The Bolshevik Theory

A fourth theory, advanced by William Appleman Williams, maintains that Wilson decided to intervene in Siberia solely in order to overthrow the Soviet government. According to Williams, “Intervention as a consciously anti-Bolshevik operation was decided upon by American leaders within five weeks of the day Lenin and Trotsky took power.” Like the North Russian intervention, the Siberian intervention “was a long-debated and long-delayed tactical move in support of the basic anti-Bolshevik strategy that had been established in December 1917.” Williams’s reference to that month was an allusion to Wilson’s short-lived proposal to offer financial aid to anti-Bolshevik general Alexey Kaledin, a plan the president quickly withdrew, Williams noted, because he feared a backlash against the Allies by the Russian people. According to Williams, Wilson considered the Bolsheviks dangerous because of their radical socialist doctrines and because the closed economic system they favored presented a threat to trade in the region. Thus, even after relinquishing his proposal to aid Kaledin, Wilson looked for ways to overthrow the Bolsheviks, finally settling on a policy of armed intervention on behalf of anti-Bolshevik forces in July 1918. Williams contended that Wilson viewed the need to overthrow the Soviet government as greater than the necessity of defeating the Central Powers.
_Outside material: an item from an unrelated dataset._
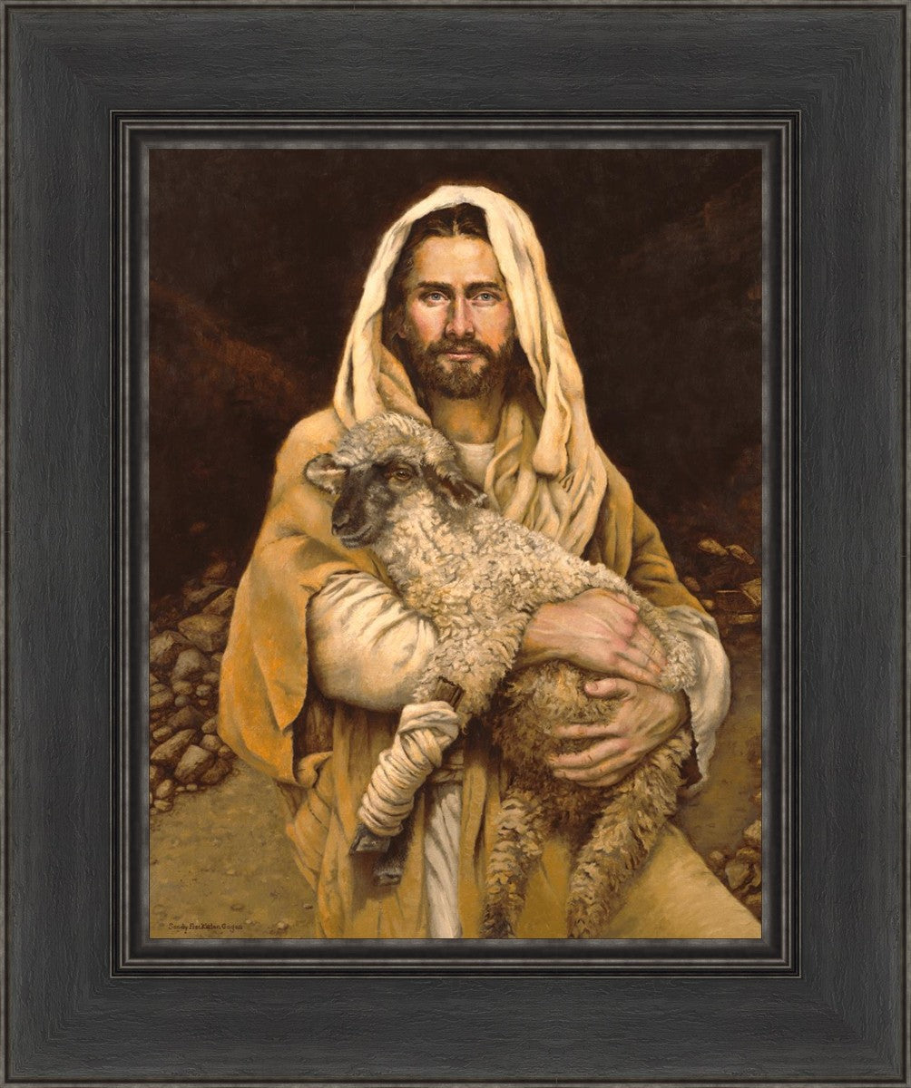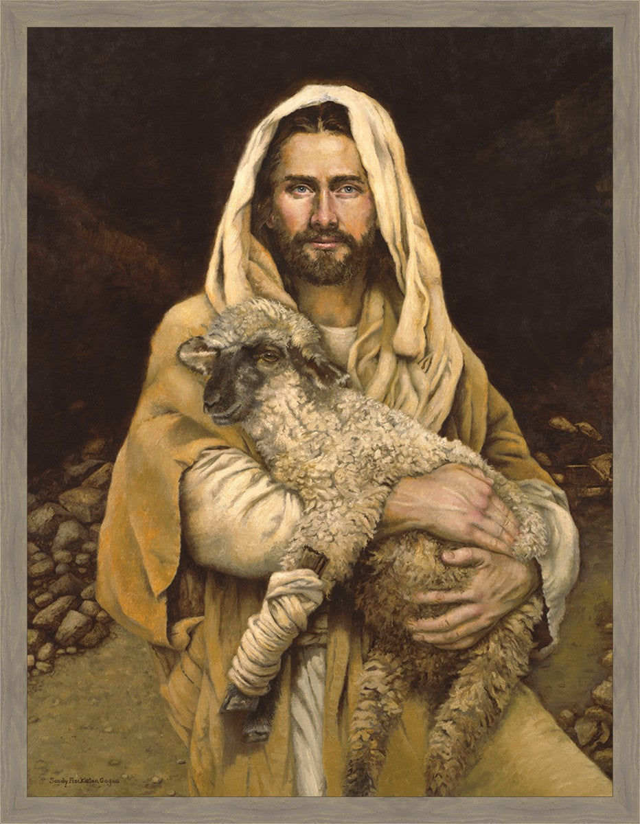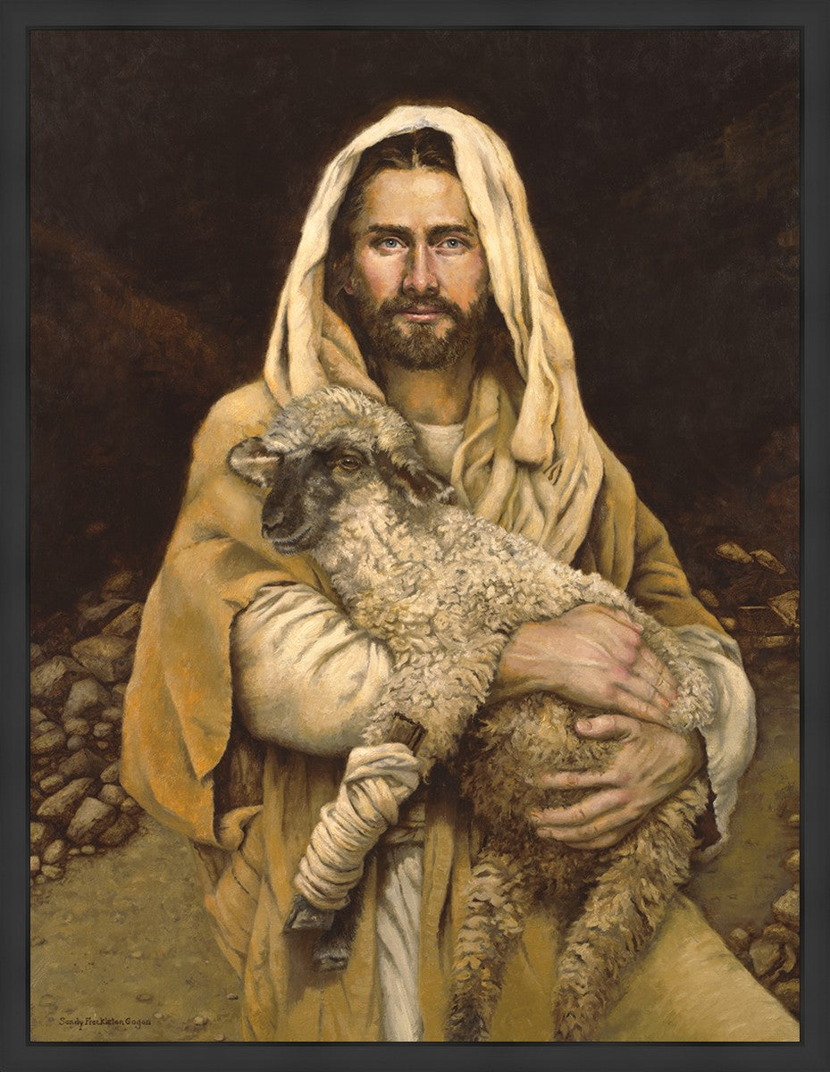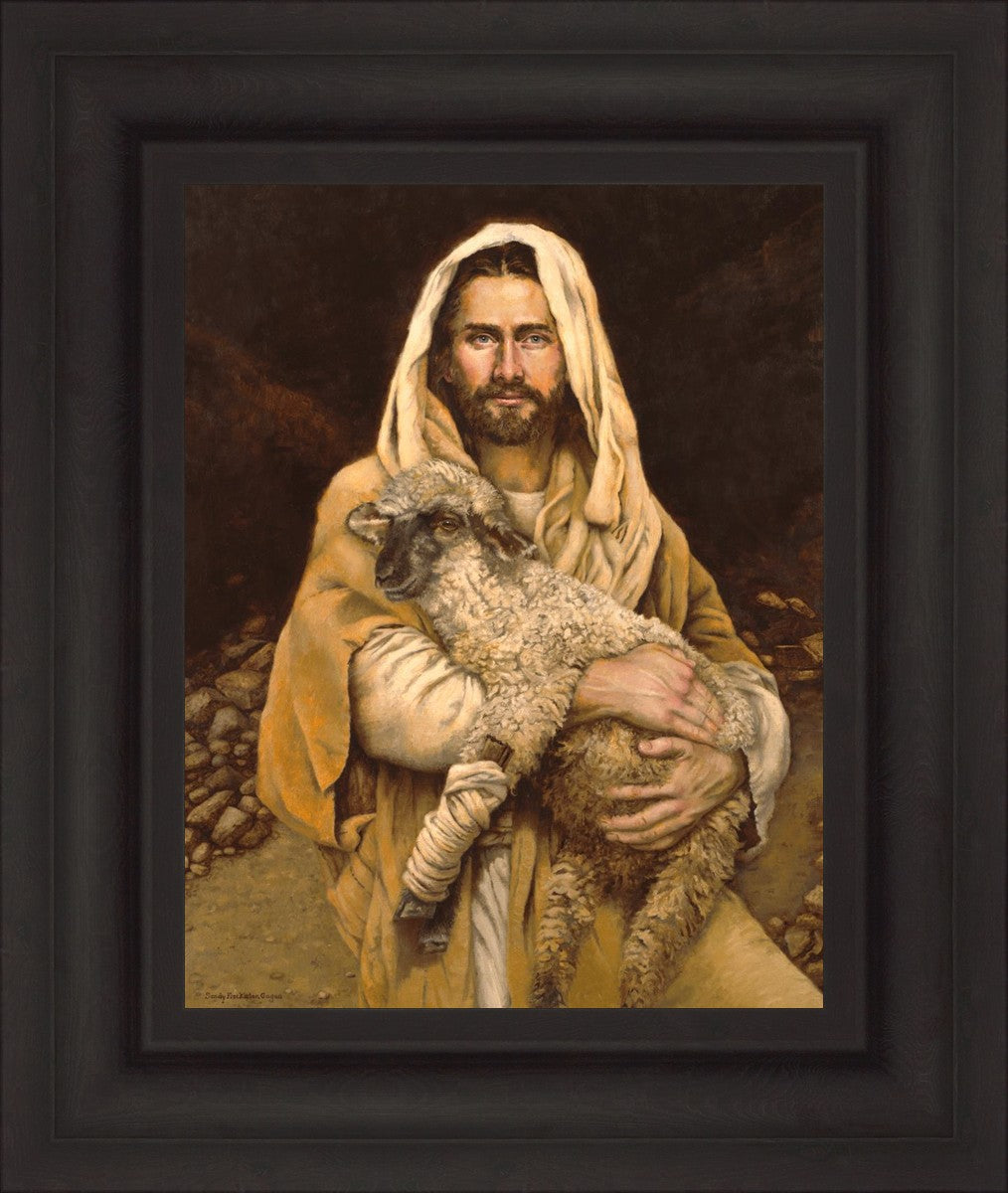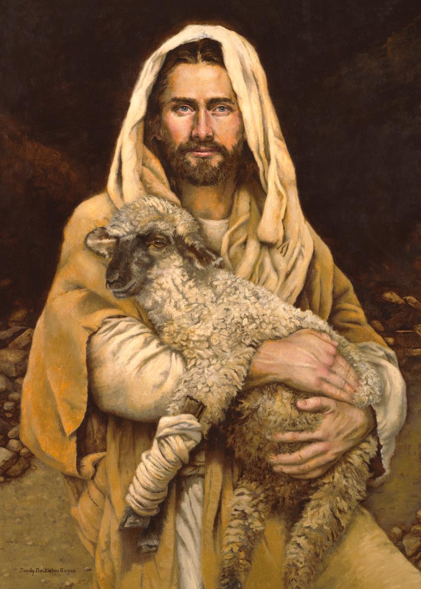 "Bind Up The Broken Hearted" by Sandy Freckleton Gagon is a watercolor painting capturing Jesus tenderly holding a lamb against a backdrop of rocks and a dark brown background.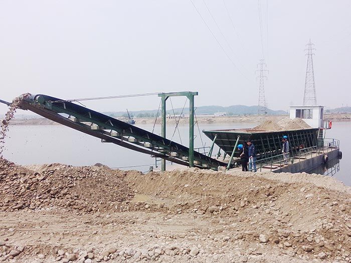 主要工作過程為:挖沙設(shè)備采集原料,輸送到運輸船儲料倉,然后經(jīng)過運輸船到岸邊,用輸送帶輸送到陸地上。

This is why, Williams maintained, Wilson declined the opportunity he was offered to cooperate with the Bolsheviks against the Germans, and it is why he deflected troops from the Western Front, at the height of the German offensive there, to destroy the Soviet government. [37] William Appleman Williams, “The American Intervention in Russia, 1917–1920,” Studies on the Left 3 (Fall 1963): 29–30, 35–36, 41–43, 47; 4 (Winter 1964): 40, 54–56. This article was published in two parts in back-to-back issues.